▸ Material provided:

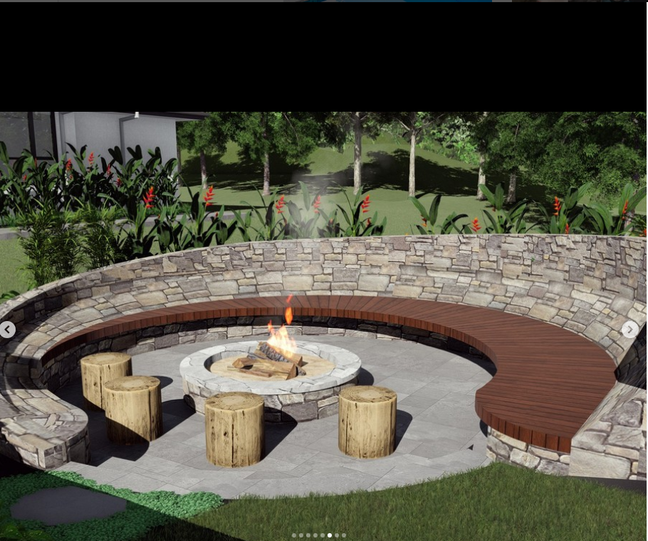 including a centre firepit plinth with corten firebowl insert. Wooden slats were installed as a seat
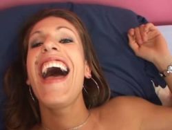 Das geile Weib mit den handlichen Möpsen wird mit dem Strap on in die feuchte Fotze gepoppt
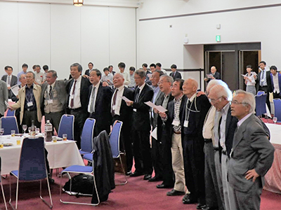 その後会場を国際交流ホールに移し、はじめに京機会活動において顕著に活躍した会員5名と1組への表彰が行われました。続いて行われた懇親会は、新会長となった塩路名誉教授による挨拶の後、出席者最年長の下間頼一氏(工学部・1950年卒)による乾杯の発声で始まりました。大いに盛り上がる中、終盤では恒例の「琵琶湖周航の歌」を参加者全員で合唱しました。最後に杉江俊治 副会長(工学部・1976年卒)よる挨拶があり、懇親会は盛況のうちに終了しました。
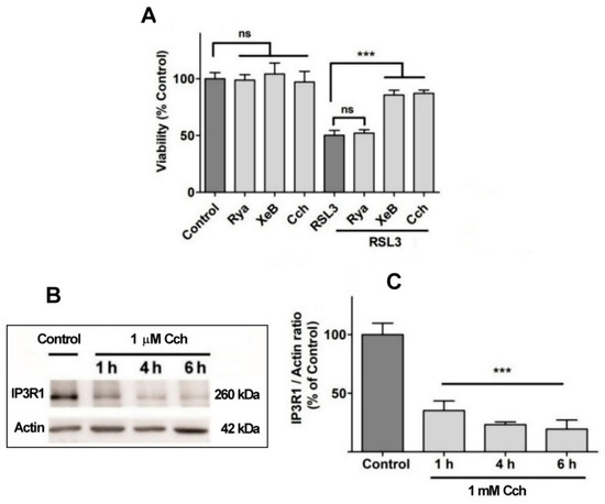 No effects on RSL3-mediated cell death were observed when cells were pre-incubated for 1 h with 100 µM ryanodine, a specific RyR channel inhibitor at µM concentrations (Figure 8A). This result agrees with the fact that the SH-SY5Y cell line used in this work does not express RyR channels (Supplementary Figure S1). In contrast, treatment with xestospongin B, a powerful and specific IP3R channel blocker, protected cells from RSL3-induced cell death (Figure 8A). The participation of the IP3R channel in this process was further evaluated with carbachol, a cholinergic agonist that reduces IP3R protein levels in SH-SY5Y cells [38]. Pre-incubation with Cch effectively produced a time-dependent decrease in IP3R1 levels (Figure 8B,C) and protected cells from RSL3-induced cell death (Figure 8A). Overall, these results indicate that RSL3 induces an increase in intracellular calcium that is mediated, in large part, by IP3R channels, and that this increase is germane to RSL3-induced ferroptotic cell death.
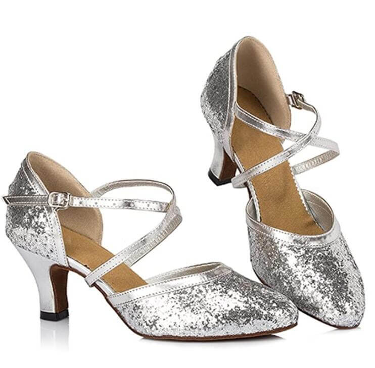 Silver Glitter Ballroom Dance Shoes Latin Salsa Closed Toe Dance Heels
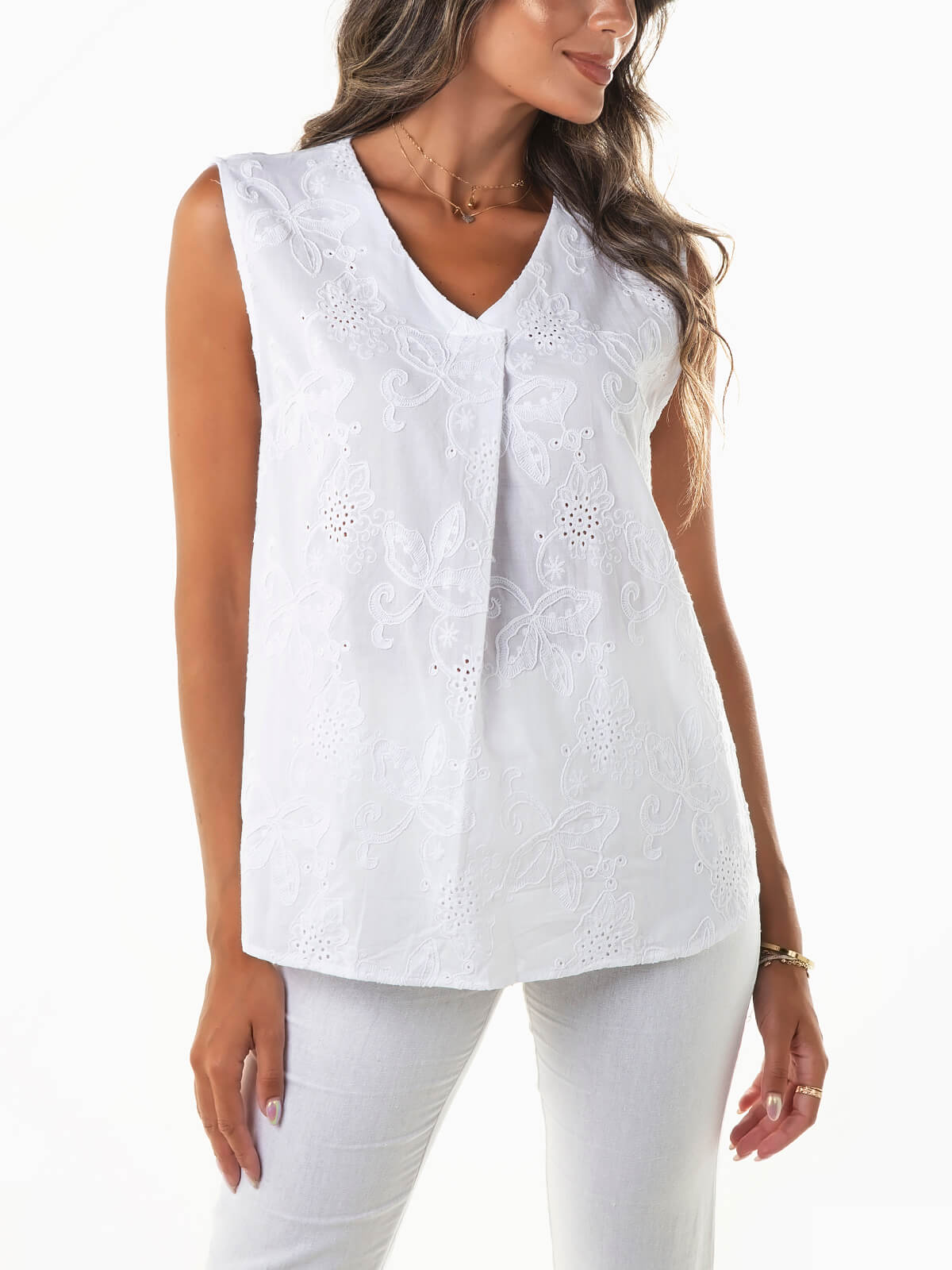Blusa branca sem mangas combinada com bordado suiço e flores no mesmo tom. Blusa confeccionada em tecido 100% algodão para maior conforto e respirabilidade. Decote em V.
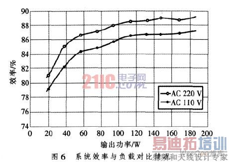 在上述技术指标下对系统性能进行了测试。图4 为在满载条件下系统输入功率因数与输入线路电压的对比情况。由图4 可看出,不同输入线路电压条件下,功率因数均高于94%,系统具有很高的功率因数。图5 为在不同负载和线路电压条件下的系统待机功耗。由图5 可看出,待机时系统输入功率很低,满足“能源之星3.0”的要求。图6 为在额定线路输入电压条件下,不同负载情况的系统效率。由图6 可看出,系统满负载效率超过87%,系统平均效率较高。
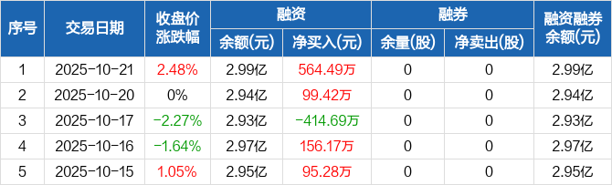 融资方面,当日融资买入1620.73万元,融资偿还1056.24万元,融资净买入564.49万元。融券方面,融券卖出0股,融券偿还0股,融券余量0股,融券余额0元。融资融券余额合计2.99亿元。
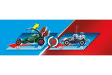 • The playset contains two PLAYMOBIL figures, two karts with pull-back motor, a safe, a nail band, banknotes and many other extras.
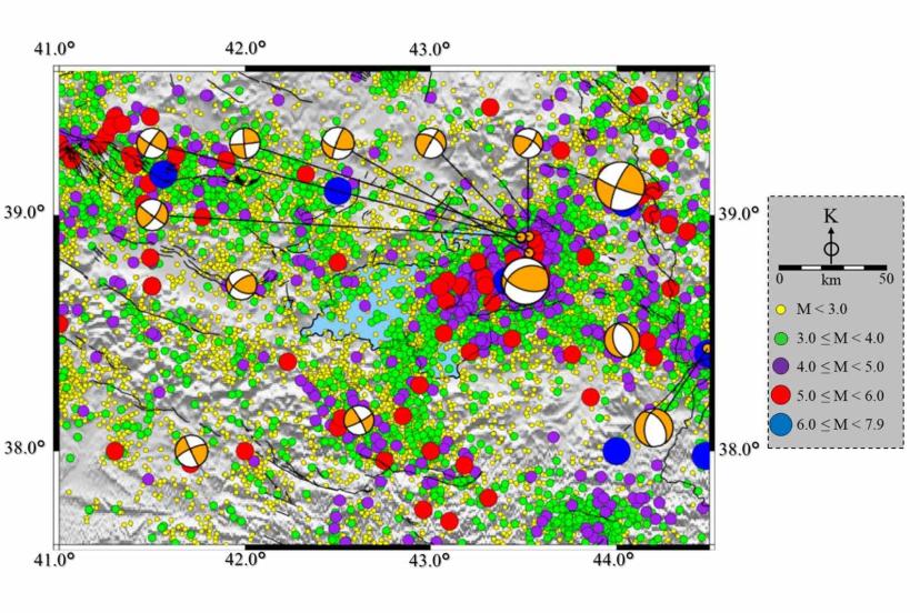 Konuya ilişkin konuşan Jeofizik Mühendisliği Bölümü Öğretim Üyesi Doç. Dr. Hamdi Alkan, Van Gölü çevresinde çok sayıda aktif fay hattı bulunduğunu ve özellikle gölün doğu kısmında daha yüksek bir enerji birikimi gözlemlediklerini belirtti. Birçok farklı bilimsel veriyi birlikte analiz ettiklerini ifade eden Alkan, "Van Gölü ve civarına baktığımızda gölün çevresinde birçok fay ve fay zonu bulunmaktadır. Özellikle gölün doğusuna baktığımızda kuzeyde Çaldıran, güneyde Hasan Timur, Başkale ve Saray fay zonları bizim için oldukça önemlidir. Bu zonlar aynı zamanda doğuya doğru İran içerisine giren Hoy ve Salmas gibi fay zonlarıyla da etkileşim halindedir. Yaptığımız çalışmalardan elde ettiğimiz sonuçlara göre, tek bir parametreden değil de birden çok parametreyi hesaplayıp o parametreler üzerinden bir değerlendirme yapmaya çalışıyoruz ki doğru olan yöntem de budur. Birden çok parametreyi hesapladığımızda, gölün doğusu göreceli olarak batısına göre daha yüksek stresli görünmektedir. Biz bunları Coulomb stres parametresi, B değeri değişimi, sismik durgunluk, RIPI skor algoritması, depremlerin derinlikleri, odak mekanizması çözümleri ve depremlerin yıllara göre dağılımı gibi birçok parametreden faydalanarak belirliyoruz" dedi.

...

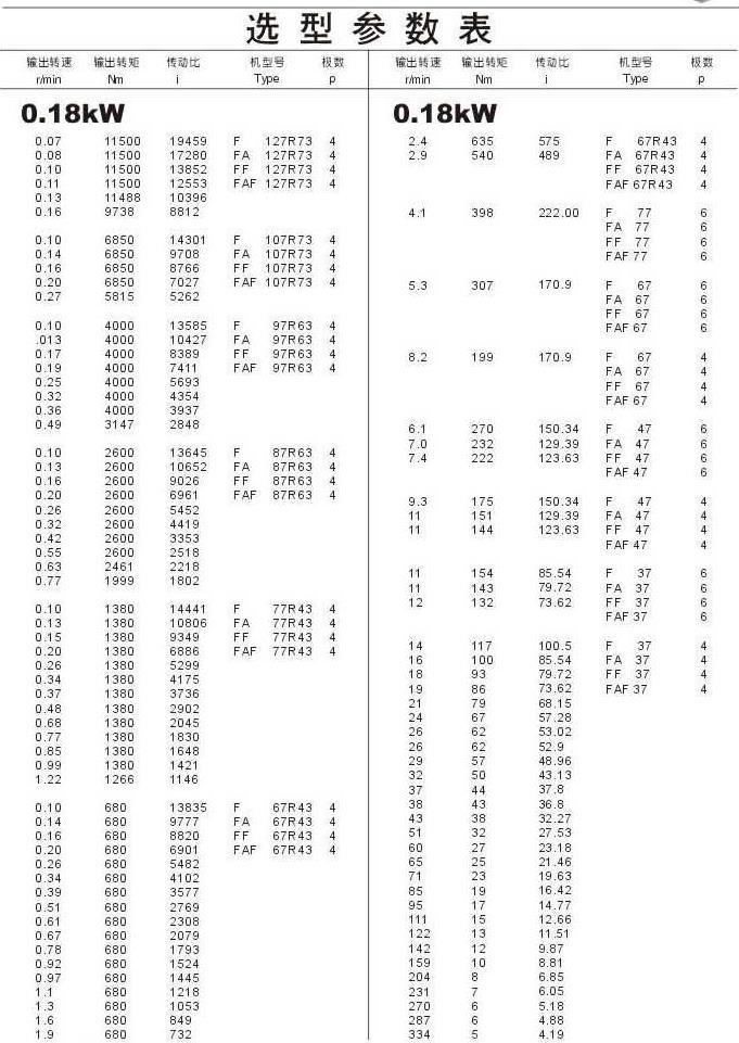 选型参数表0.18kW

...

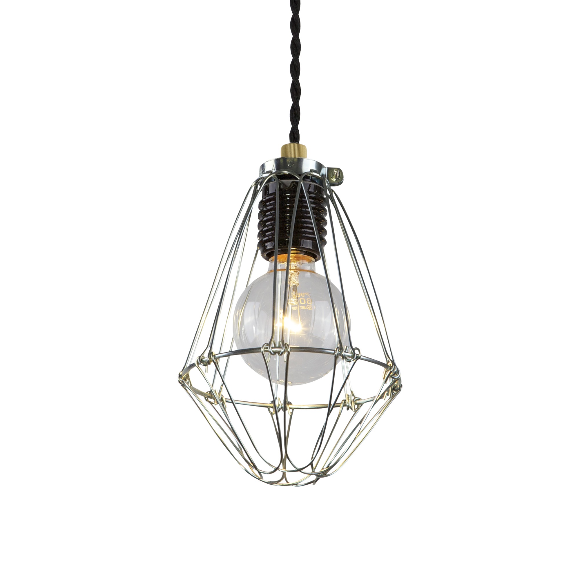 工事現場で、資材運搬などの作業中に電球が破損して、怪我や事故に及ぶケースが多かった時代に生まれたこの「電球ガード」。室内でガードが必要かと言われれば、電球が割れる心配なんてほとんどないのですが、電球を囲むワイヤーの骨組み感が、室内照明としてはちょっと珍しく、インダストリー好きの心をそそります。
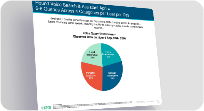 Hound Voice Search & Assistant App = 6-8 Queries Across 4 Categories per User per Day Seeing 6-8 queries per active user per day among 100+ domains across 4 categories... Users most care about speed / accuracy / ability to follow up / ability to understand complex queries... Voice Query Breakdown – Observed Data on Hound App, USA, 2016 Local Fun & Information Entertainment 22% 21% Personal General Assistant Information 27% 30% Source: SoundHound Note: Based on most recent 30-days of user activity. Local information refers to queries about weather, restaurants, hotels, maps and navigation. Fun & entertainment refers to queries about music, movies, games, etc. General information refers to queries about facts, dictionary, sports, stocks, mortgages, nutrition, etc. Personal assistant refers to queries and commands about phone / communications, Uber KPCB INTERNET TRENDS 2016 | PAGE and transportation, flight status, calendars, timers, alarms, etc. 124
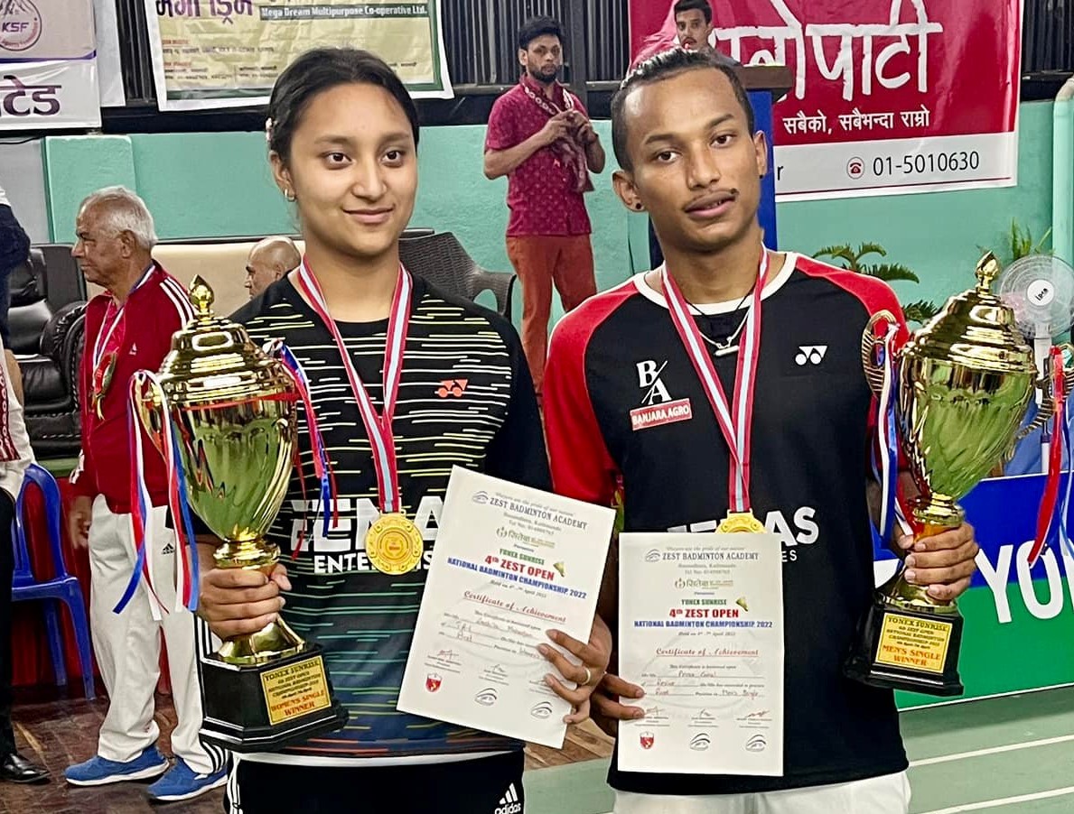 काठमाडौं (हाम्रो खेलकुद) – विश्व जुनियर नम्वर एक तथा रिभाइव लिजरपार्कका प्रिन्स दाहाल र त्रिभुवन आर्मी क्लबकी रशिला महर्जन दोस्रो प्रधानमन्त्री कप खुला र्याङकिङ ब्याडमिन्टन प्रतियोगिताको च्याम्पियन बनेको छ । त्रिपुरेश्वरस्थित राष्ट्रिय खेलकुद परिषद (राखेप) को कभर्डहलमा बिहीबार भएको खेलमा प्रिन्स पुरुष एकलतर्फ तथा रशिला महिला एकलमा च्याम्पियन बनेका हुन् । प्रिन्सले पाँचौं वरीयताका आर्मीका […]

▸ Activity: Write back the stretch of lines above that begins with the line holding "including a centre" and ends with the line holding "Das geile Weib", both included, exactly as written. Pictures stay out.

▸ Response for this exercise:
 including a centre firepit plinth with corten firebowl insert. Wooden slats were installed as a seat
 Das geile Weib mit den handlichen Möpsen wird mit dem Strap on in die feuchte Fotze gepoppt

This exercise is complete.